Mary Gordon is the author of seven novels including The Company of Women and Final Payments. She is the recipient of a Lila Wallace-Reader's Digest Writer's Award, a Guggenheim Fellowship, and the 1997 O. Henry Award for best story. She teaches at Barnard College and lives in New York City. In this creative and sturdy little volume about meanings of home, she writes:

"Our homes are also about display: how much we are worth, what our taste is. They are the source of our wealth and they drain it. They allow us repose and they demand what sometimes seems to be endless attention. For many women, the house is a metaphor for the body: and all important life is lived within its walls. And what is it to be without one? To be homeless is to be outside the web of the civilized."

The author, who moves around quite a bit due to her vocation as a writer, teacher, and speaker, has an apartment on the Upper West Side of Manhattan. It is a large apartment on the first floor. Gordon is grateful that her living space is a benefit of her academic job and that she lives steps away from her workplace. She recalls the house of sadness and conflict she lived in as a youngster and a domicile she spent ten years in along the Hudson River where she didn't belong. Gordon loves her country house which she believes "wants to cause me the minimum of trouble."
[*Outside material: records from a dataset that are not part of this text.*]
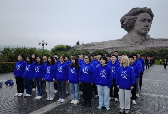 4月18日下午,水利工程学院水电与水文特岗班全体学生在班主任蒋中明和辅导员王正博的带领下步行前往长沙橘子洲头开展了“我为党来送祝福”研读和寄语祝福活动。
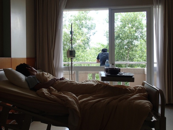 ↑病院にて、アメーバ赤痢による激しい苦痛のために寝込む私(笑)
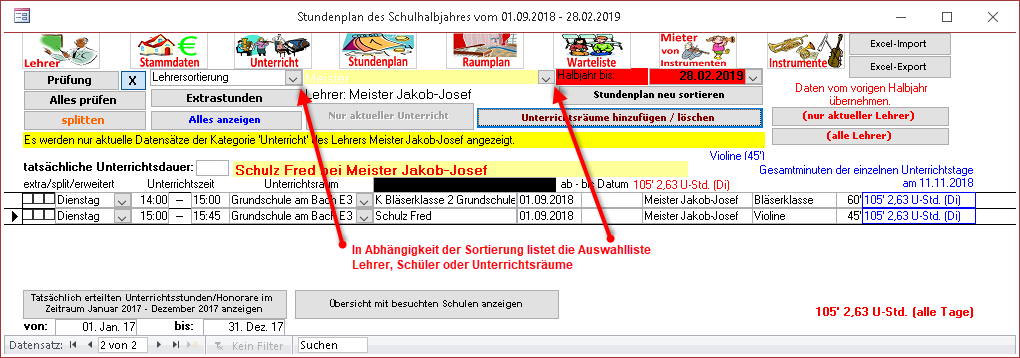 Sie können den Stundenplan für jeden eingetragenen Lehrer einblenden, indem Sie den Pfeil oben im Formular rechts über dem Lehrernamen anklicken.
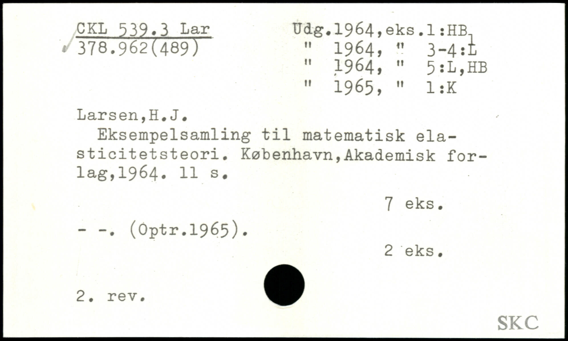 " 1964, " 5:L,HB " 1965, " IsK Larsen,H.J. Eksempelsamling til matematisk ela-sticitetsteori.

Contemporary Americans are more protected from danger than any other people in history, yet there is a pervasive fear of vulnerability despite the preponderance of alarms and the efforts of the wealthy to wall themselves off from others in gated communities. Nodding to the wisdom of Gaston Bachelard, Ralph Waldo Emerson, Witold Rybczynski, Colette, Edith Wharton, Mary Douglas, and others; Gordon probes why houses matter to us and the relationship they have to security, privacy, the changing definitions of family, morals, dirt, and disorder.
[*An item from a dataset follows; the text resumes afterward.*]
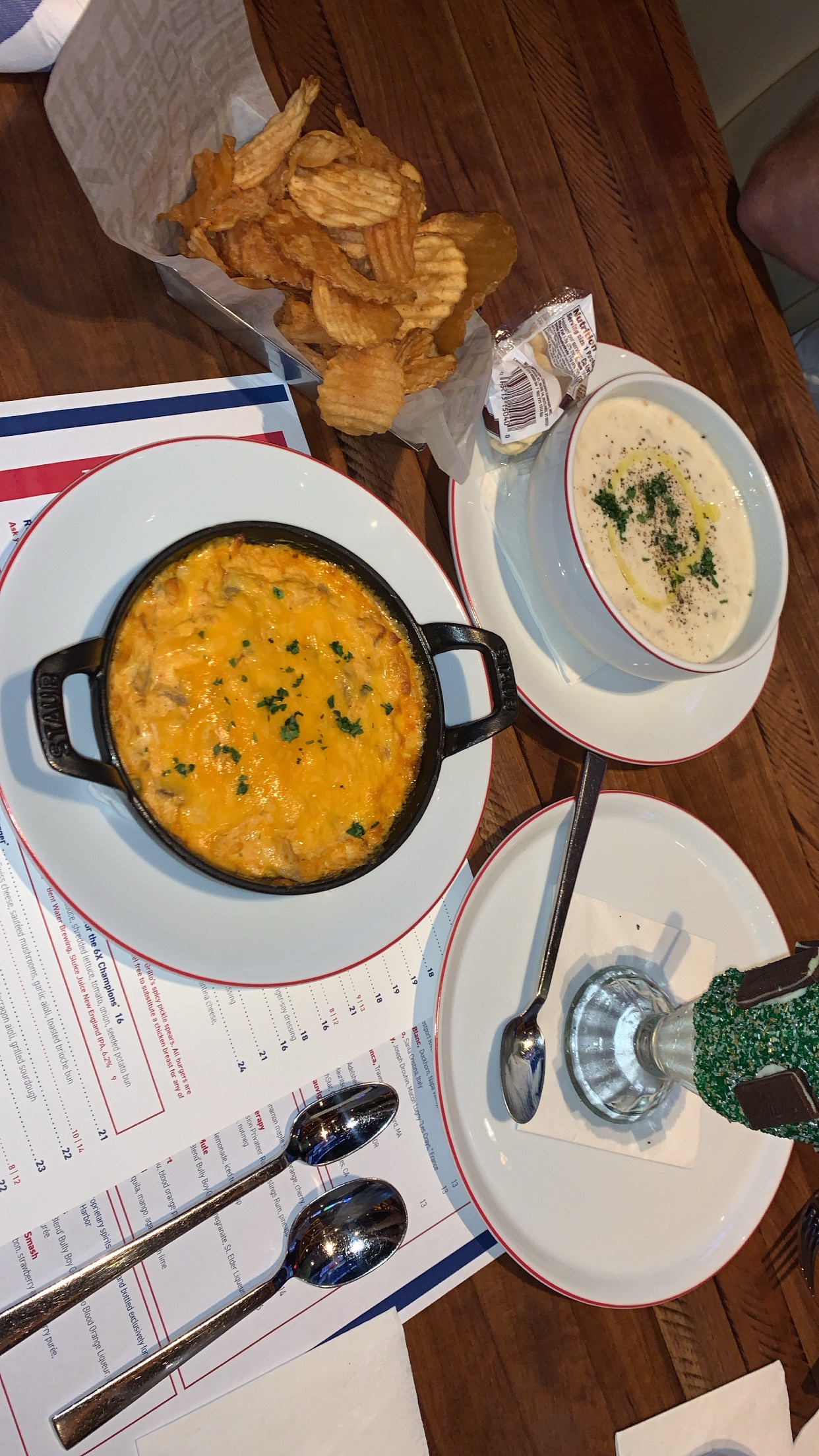 jm Curley – This is a cocktail bar and steakhouse owned and run by one of Jared’s friends. This rustic themed bar is so fun and has such a great atmosphere. Totally totally recommend. The drinks were cute, fancy, and DELICIOUS. I had an Espresso Martini, the B&T (vodka, raspberry, lemon, and elderflower foam), and the Aperol Spritz (aperol, sparkling wine, and soda water) – all were up to par. For food we had the Roasted Garlic Hummus, Carolina Golden Wings, and the Buffalo Chicken Mac (A MUST HAVE). They are open seven days a week and serve food until close. They even have a nice private Steakhouse in the back, Bogie’s Place, that they just recently added.

Here is a sampler of thought-provoking quotations which nicely spice up the text and universalize the multiple meanings of home:

• "I long, as does every human being, to be at home wherever I find myself."
— Maya Angelou

• "Peace — that was the other name for home."
— Kathleen Norris

• "A house is not a home unless it contains food and fire for the mind as well as the body."
— Benjamin Franklin

• "There is a magic in that little world, home; it is a mystic circle that surround comforts and virtues never known beyond its hallowed limits."